No matter how much we want one, there's no manual for recovering after a heartbreak. Unsurprisingly, the aftermath of a broken relationship is generally characterized by feelings of isolation, identity crisis, pain, and depression. Having a shattered heart is considered by many specialists to be a sort of sadness. In other words, you are not alone in your inability to recover after a breakup.
When a relationship ends, it's not simply the person we loved that we lose but also the hopes and aspirations we had for the future. It's complex heartbreak that requires careful handling. Even if there is no magic bullet for moving on from a past relationship, there are steps you may take to aid in your own recovery.
Write down what you didn't like about that person
Make a list of all the negative aspects of your relationship with this individual. Consider all the bothersome traits they possessed and the concessions you made for the relationship. You should save this list on your phone in case you start thinking about how amazing they were. Both the individual and the connection will likely be idealized. Keeping in mind the person's flaws when dating will help you choose someone who is a more realistic fit.
Do not fight the inevitable progression of your emotions
It's possible you'd rather shut down the mending and try to avoid the upsetting feelings. You can do this in whatever way that lets you temporarily alleviate your suffering and go on with your life.

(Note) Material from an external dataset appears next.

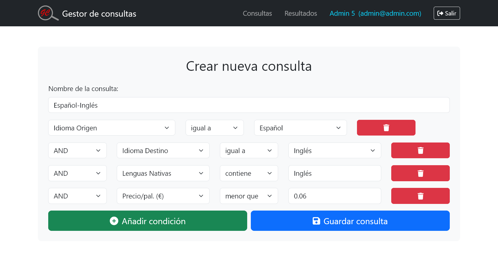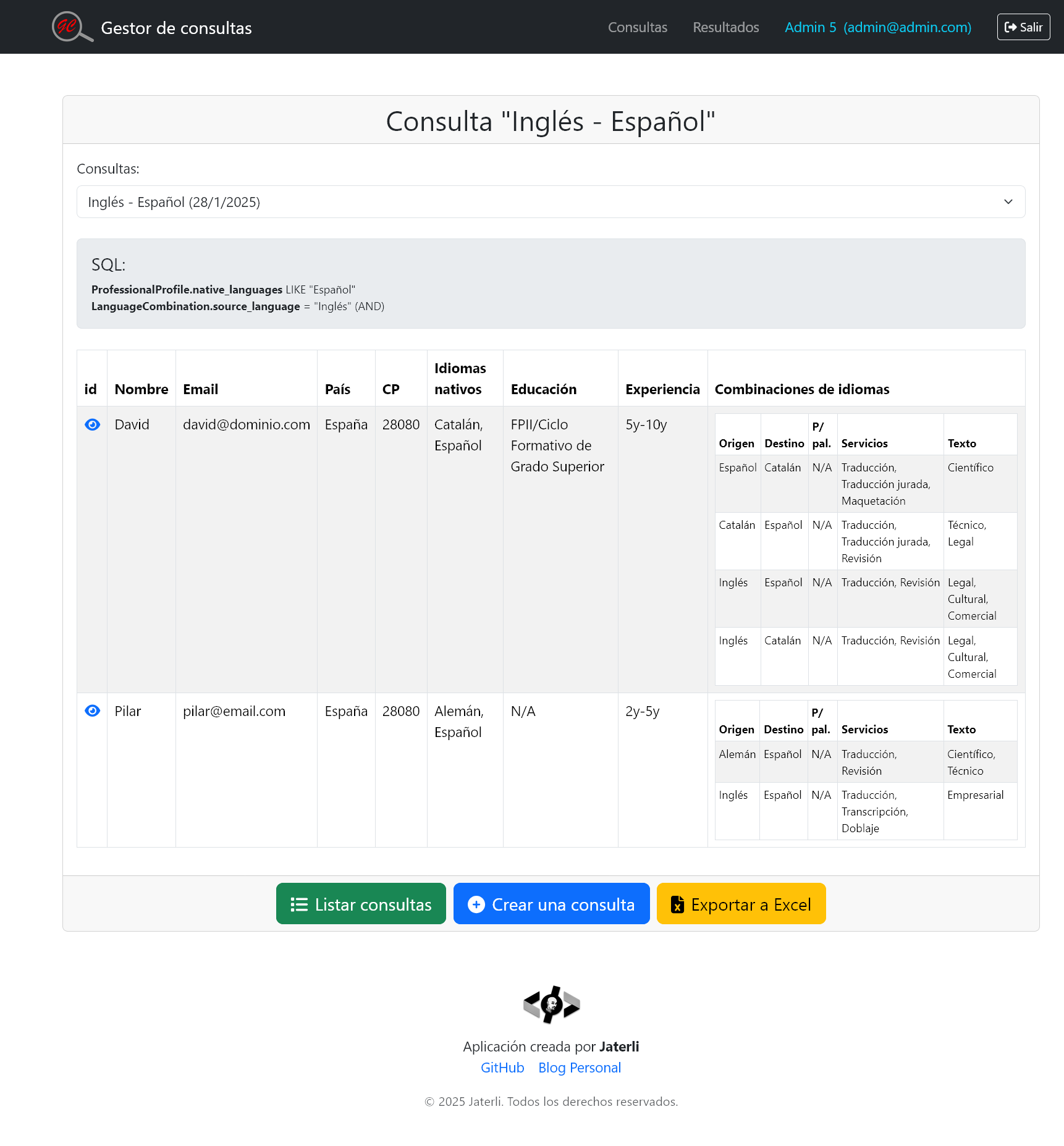 - Crear consultas personalizadas: Filtrar traductores según idiomas, experiencia, disponibilidad, etc.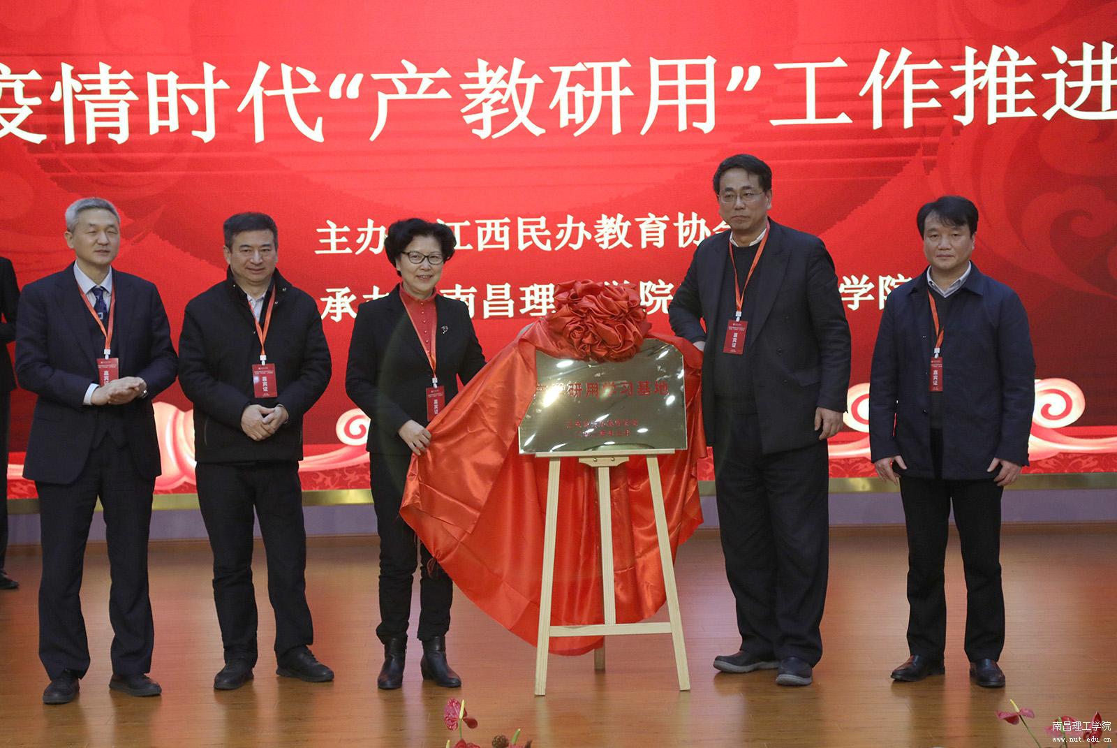 (黄小华、陈劲、于果、陈苏、邓慧杰、胡蓓共同为江西民办教育协会“产学沿用学习基地”揭牌)

Though it may hurt, it's best to go ahead nevertheless. Ignoring the temptation to avoid the unpleasant experience of experiencing everything in order to gain insight and perspective is less honest and less helpful than facing it head-on. That's why you must go through it to get out. What's more, you shouldn't feel ashamed or punish yourself for going through this.
Do not go after a rebound
A rebound can provide a brief boost that will make you feel sexy or worthwhile. However, that boost will be momentary. Likewise, as the first euphoria wears off, you can be left with feelings of regret. Rebound regret is common since some people just invested superficially while others risked their emotions. Recognize your pain and accept that you must cope with it if you want to be a responsible person. And prepare to enter the fire.
Try to be grateful for what you cherish
Remember that you had no control over what happened. There's no one "right" reason for a breakup; there are just as many "bad" ones. The choice is ultimately up to the individual. Similarly, you may have lost a significant portion of your life, but you have gained the opportunity to shape who you want to be going forward.
Try to improve your self-esteem
It's typical to start analyzing your looks and character features, wondering what could possibly be wrong with you so that your spouse would initiate the breakup. The correct course of action is to turn that way of thinking on its head.
Instead of dwelling on the things you lack, concentrate on the things you do have and what you provided to the partnership. Make a list of your character and emotional characteristics, talents, abilities, and anything else you feel would be an asset to a potential partner.
Learn from this experience
It's easy to fall into the trap of viewing your ex-partner through a binary lens, either by viewing them as the villain or by placing them on a pedestal and romanticizing them. This narrow viewpoint might result in missing some easy opportunities.
Instead of settling for mediocrity, it's better to go for the stars and think about the good they brought into your life. Being realistic allows one to perceive the connection for what it really was rather than through a lens of projection. Even though your ex wasn't meant to be with you forever, they can still serve as a useful lens through which you can get insight into who you are.
Do not waste time regretting over it
In the midst of it all, you could feel at peace with the split one day and then want them back at any cost the next. Keep in mind that there is no prescribed time frame for moving on from a past relationship. It all depends on the individuals involved, their level of self-improvement, and the circumstances surrounding the separation.
There is no fixed formula, such as "if you were together for ten months, then it should take ten months for you to get over it." Don't be hard on yourself if it's been a while and you're still dealing with it. The emotional roller coaster will wear you down, but it's necessary for recovery.
Do not wait for "closure"
Even while you know that your love life won't end like a Netflix series, there are times when you may wish it did. Most breakups in real life are the result of gradual drifting away, leaving one partner wondering what went wrong. It's possible that reuniting is what's really driving the urge for closure. Realizing and accepting that you were never meant to be together is beneficial for your mental health in the long run.
Conclusion
It's important to go through the anguish of saying goodbye to your ex if you want to be able to turn the page on this chapter of your life and start a new one with a sense of closure. Letting go of resentment against an ex might pave the way to forgiving them and moving on. Determine the most important things from your interactions with this person. It will help you to get through the breakup.